Indeed, "progressive retailers are driving the shift from a publisher-push system to a consumer-pull system. They very much want to look at the whole category, sub-segments, assortments, titles and quantities to create an order regulation system that gives them better sell-through and higher returns," said Ellen Gussin, president of Allen Levis Organization, the Northfield, Ill.-based consulting firm acting as facilitator for the Magazine Retail Advisory Council, which is jointly funded by publishers, national distributors and magazine wholesalers.

"Sophisticated chains want to assort by store clusters, and most wholesalers already have powerful models that dictate assortment based on demographics of a marketplace," added Gussin. "They work pretty well, and publishers are getting more involved to help their own specific titles."

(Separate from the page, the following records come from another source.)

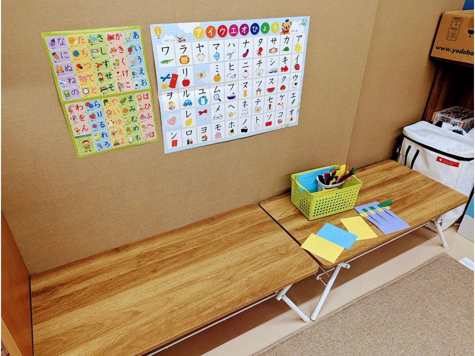 壁に向かって置いてある机は、少人数で集中して取り組めるようにしています。
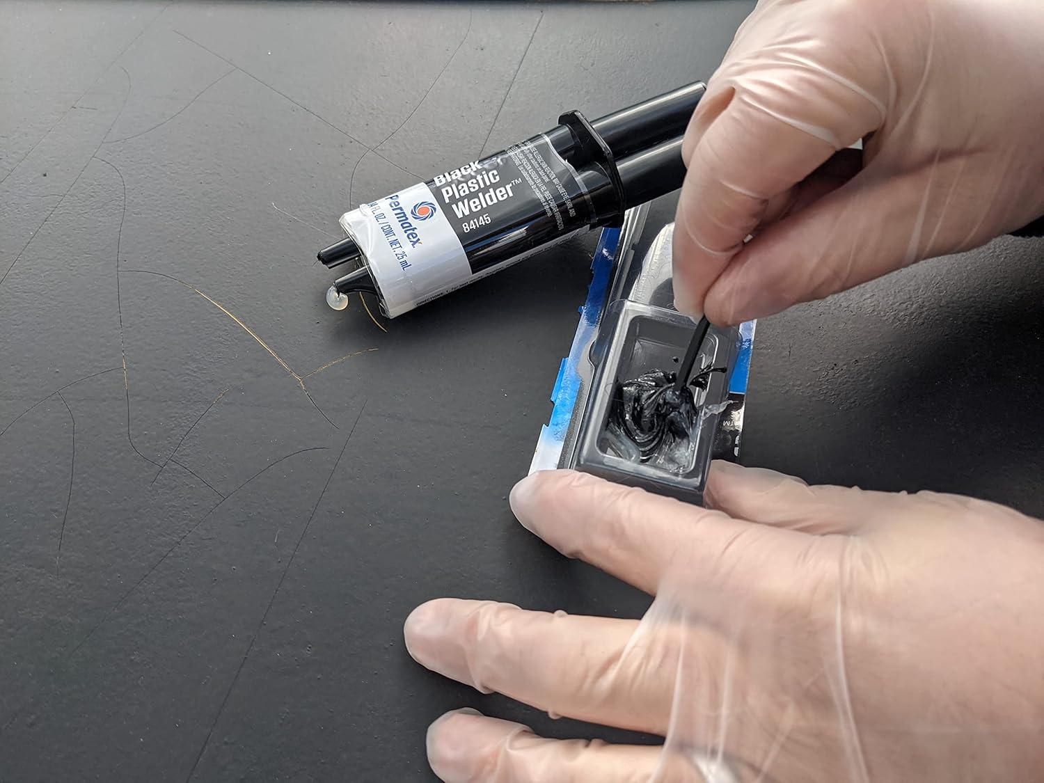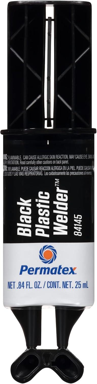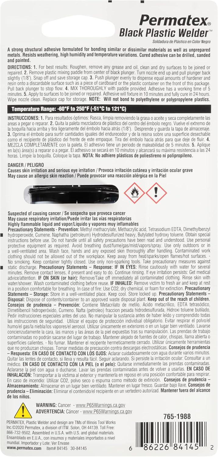 Permatex's Permapoxy Black Plastic Weld is a structural adhesive designed for general purpose bonding of a wide variety of materials. Black Plastic Weld forms a tough, durable bond to most plastics, composites, ceramics, and wood in any combination. It is a fast-curing product with gelling of mixed adhesive in 5 to 6 minutes and fixturing in 9 to 10 minutes. Bonds hard and soft plastics to specified surfaces, and requires no primers. Sets in five minutes at room temperature, with a temperature range of -60 degrees Fahrenheit to 250 degrees Fahrenheit (-51C to 121C). Permanent strength up to 3500 PSI, and gap filling to 0.125 inches. This epoxy is water resistant, with good chemical resistance. Suggested Applications: Bonds rigid materials including ABS, acrylic, fiberglass, FRP, glass, PVC, SMC, steel, styrene, vinyl, and wood. NOTE: Permatex Black Plastic Weld will not bond polyethylene and polypropylene plastics.
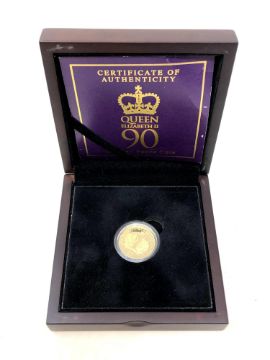 A Queen Elizabeth II 90th Birthday Gold £1 Coin, struck in 22ct gold, 7.98g, boxed with certificate of authenticity.
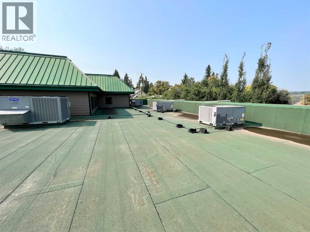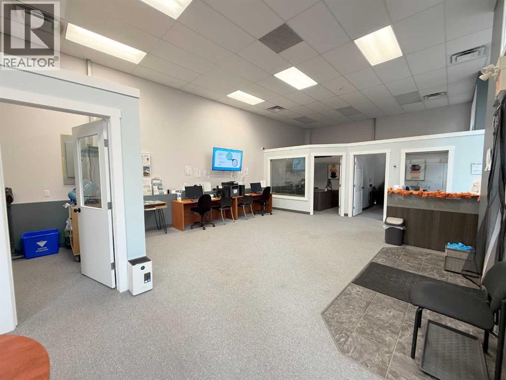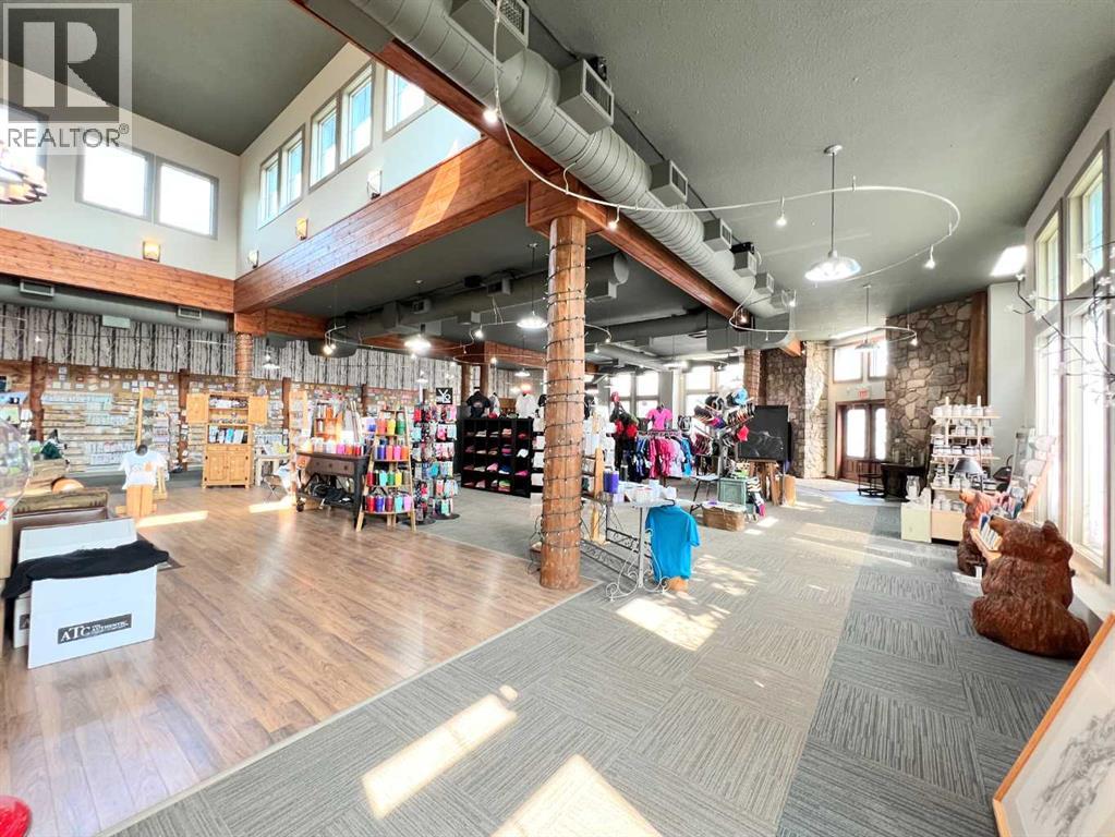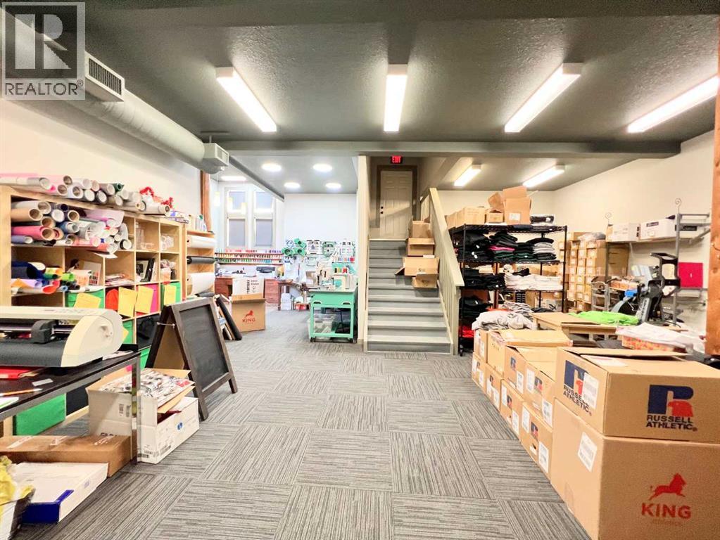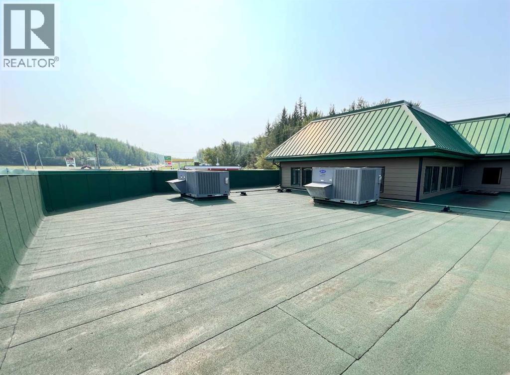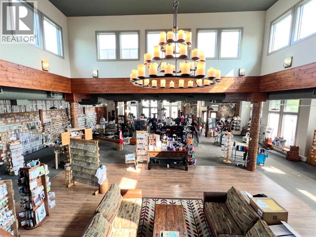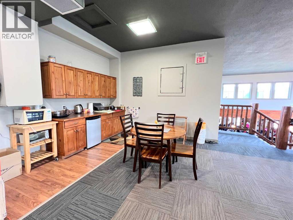 One of Athabasca's signature retail/office buildings on two corner lots with Highway 2 frontage. Offering an elevated customer experience, no expense was spared on the details of this development. 12 ft high ceilings throughout, plus additional vault in Unit A to the open second level. Unit A is just over 4700 sq ft on the main level with a 1400 sq ft mezzanine. Additional enclosed room with enhanced ventilation, currently used as a printing room. Mezzanine with kitchen is wide open to the main level, showcasing the custom built solid log staircase and railing. Both Units B and C are just under 1000 sq ft, fully open and customizable spaces, with self contained kitchen and bathroom. Prime location on main street, spacious side boardwalk. Low maintenance building has a metal roof and hardy board siding, with river rock trim. In-floor heat throughout. (id:63190)

Yet Wal-Mart can activate a technology edge whenever it wants that would enhance its inventory capabilities. Sources acknowledge that the mega-discounter has scanners in place that are able to read issue code. "If they begin using them, it would help them cluster and assort titles better," noted Gussin. "It would be one more example of how Wal-Mart would raise the bar, and everyone would have to comply in order to compete."

To help unearth inefficiencies in magazine distribution, the UCC and MRAC are creating a flow chart of how titles move from creation through to the reader. It will document transportation, who authorizes decisions at each step, how distributors interact with printers and break-up agents, and more. "There's merit to the argument that the distribution model needs to be streamlined. So many people touch the product, it's amazing," said Gussin. "This will give all members of the supply chain a clear understanding of areas they're not involved in, and create a common platform for discussion."